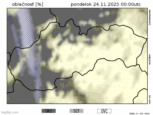 Obr. 2: Predpokladaný vývoj oblačnosti na Slovensku v pondelok (24. 11.) podľa modelu ICON-EU
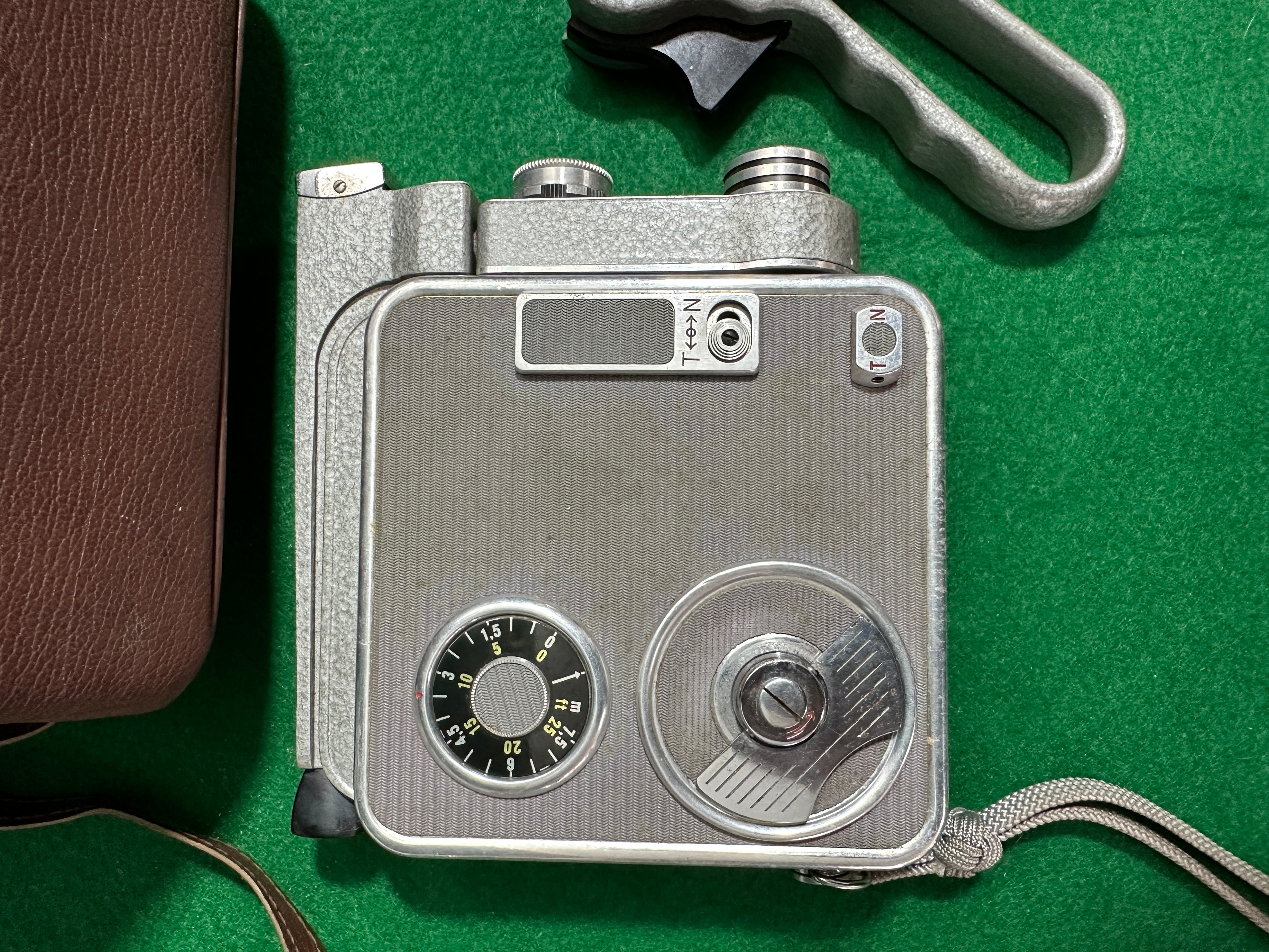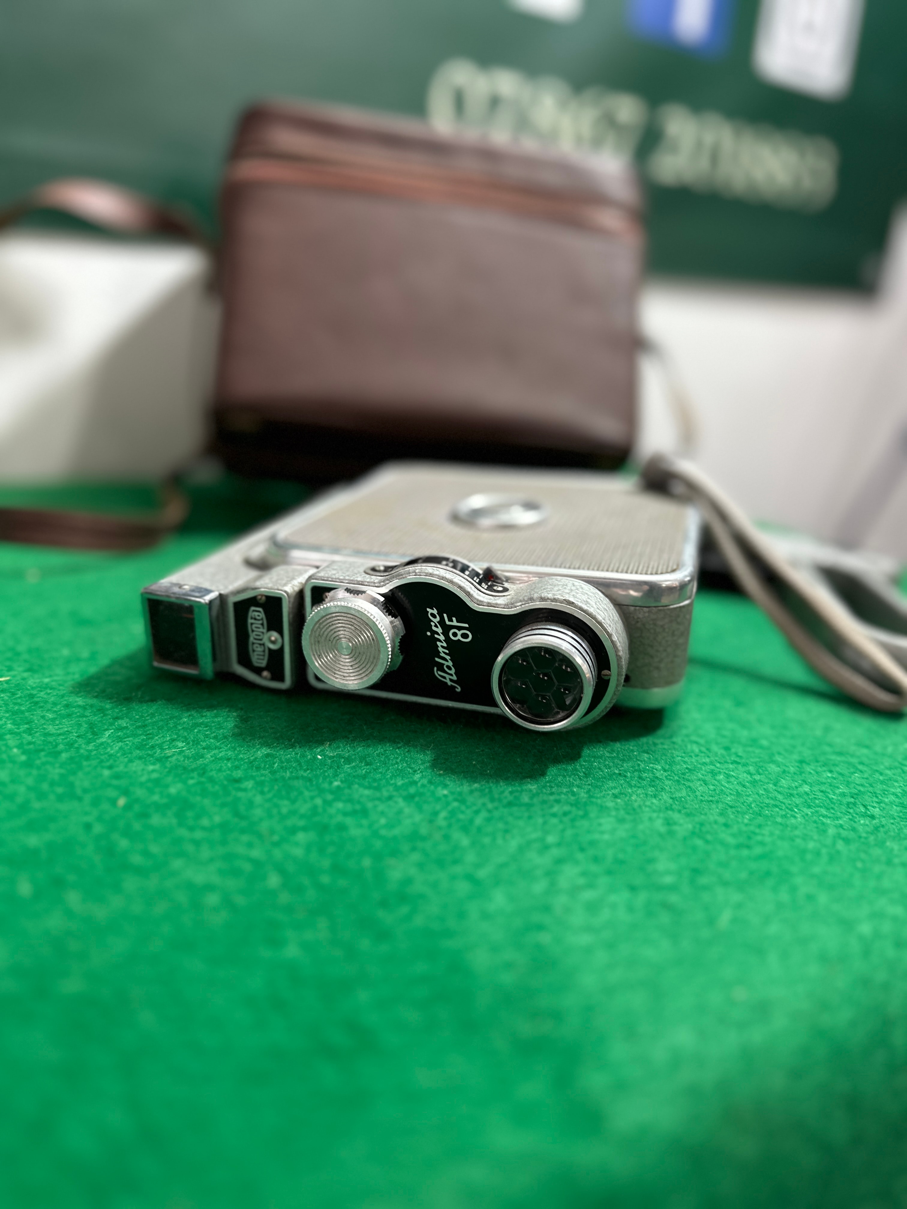 A Meopta Admira 8F 8mm motion picture camera, manufactured in Czechoslovakia, circa mid-20th century. The camera features a textured grey metal body with black and chrome-plated accents. Branded ‘Admirica 8F’ on its front, alongside a prominent ‘C & L’ logo, it includes a removable pistol grip and an attached fabric wrist strap. The viewfinder is marked ‘mapla’. Exposure is controlled via numerical dials (e.g., 1.5, 3, 5, 10, 20), and a sliding focus guide is present, marked in both feet (0.33 to 3.3 ft) and meters (0.33 to 3.3 m). Accompanied by its original brown textured faux leather or leather zippered carrying case, lined with red felt, which also contains an ‘Admirica 8F MOTION PICTURE CAMERA OPERATION’ manual.
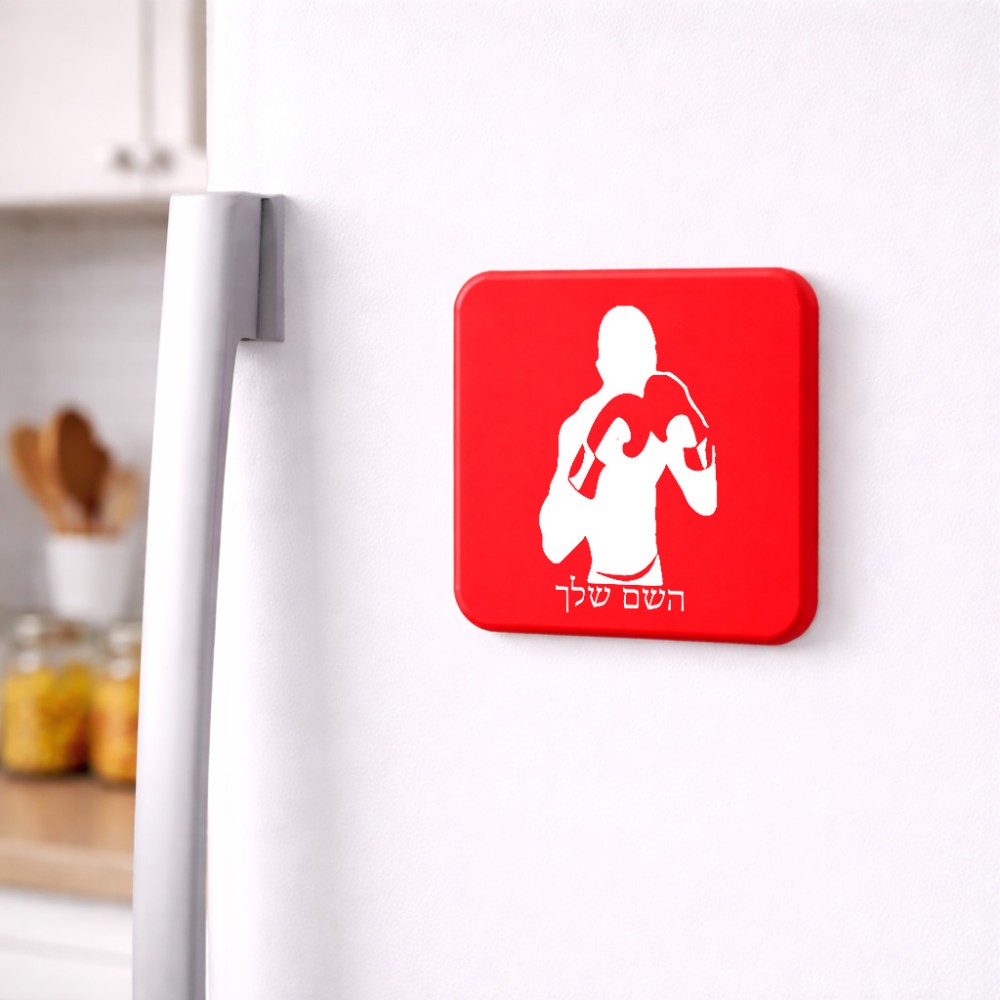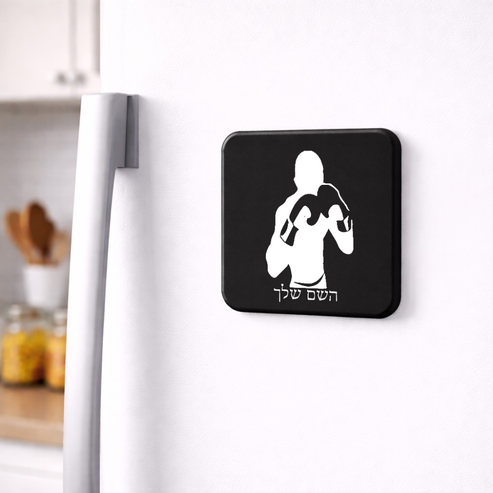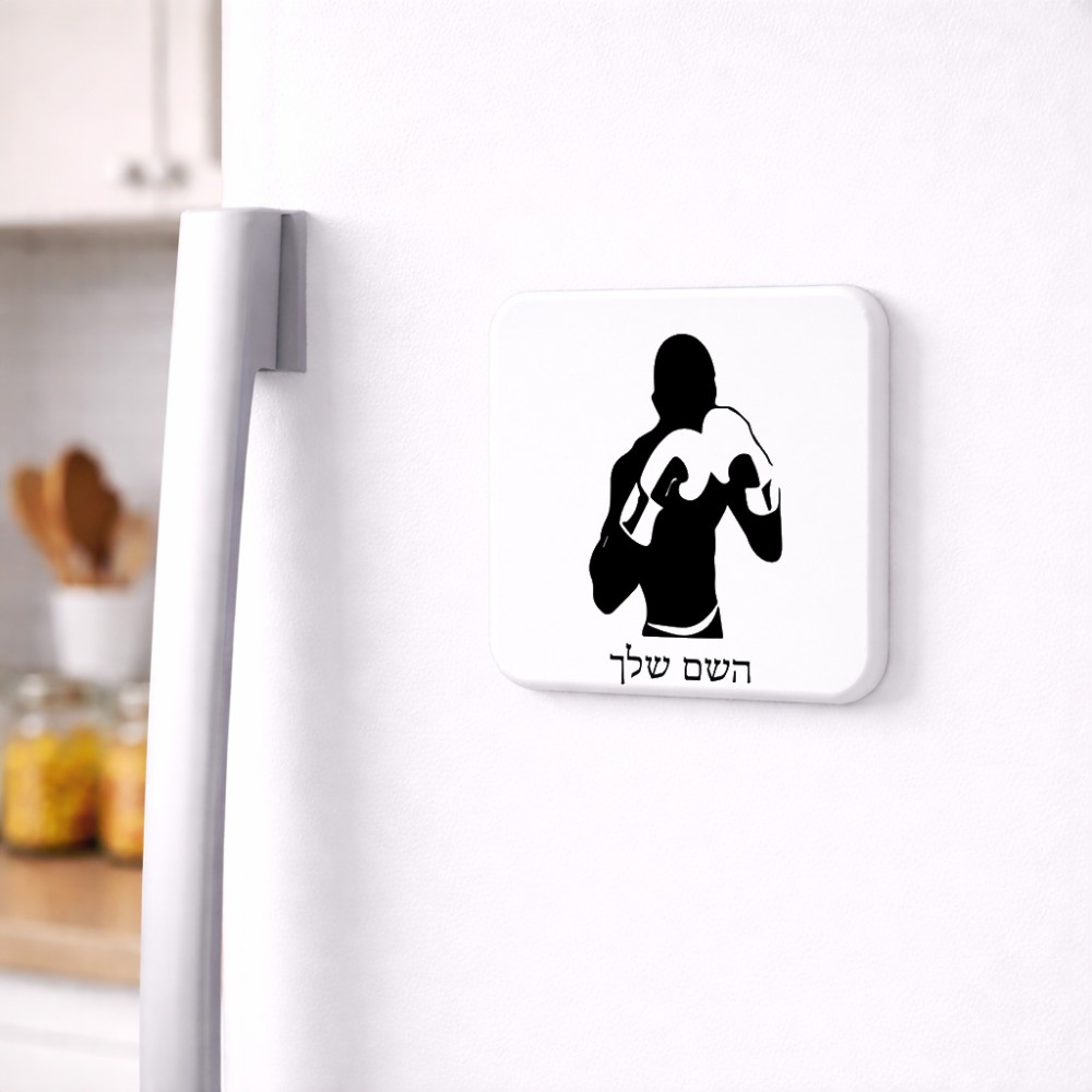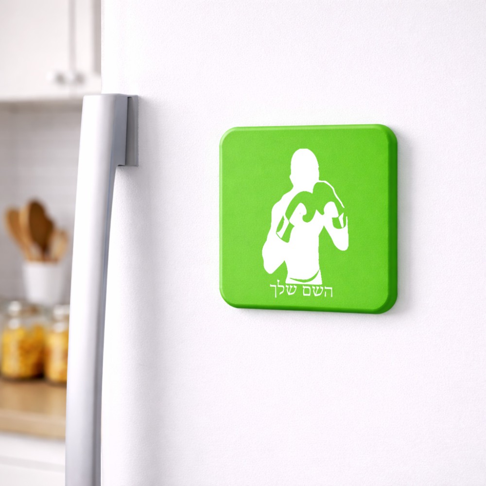 מגנט למקרר בעיצוב אישי עם השם שלך בעיצוב אגרוף גודל המגנט 6.5 × 6.5 ס"מ. את השם המבוקש ניתן לציין בהזמנה, אם לא צויין אנחנו ניצור קשר לבירור.

====

• TASK ITEM:
Your output must reproduce the material above in full, with no pictures.

• SOLUTION FOR THIS EXERCISE:
 Obr. 2: Predpokladaný vývoj oblačnosti na Slovensku v pondelok (24. 11.) podľa modelu ICON-EU
 A Meopta Admira 8F 8mm motion picture camera, manufactured in Czechoslovakia, circa mid-20th century. The camera features a textured grey metal body with black and chrome-plated accents. Branded ‘Admirica 8F’ on its front, alongside a prominent ‘C & L’ logo, it includes a removable pistol grip and an attached fabric wrist strap. The viewfinder is marked ‘mapla’. Exposure is controlled via numerical dials (e.g., 1.5, 3, 5, 10, 20), and a sliding focus guide is present, marked in both feet (0.33 to 3.3 ft) and meters (0.33 to 3.3 m). Accompanied by its original brown textured faux leather or leather zippered carrying case, lined with red felt, which also contains an ‘Admirica 8F MOTION PICTURE CAMERA OPERATION’ manual.
 מגנט למקרר בעיצוב אישי עם השם שלך בעיצוב אגרוף גודל המגנט 6.5 × 6.5 ס"מ. את השם המבוקש ניתן לציין בהזמנה, אם לא צויין אנחנו ניצור קשר לבירור.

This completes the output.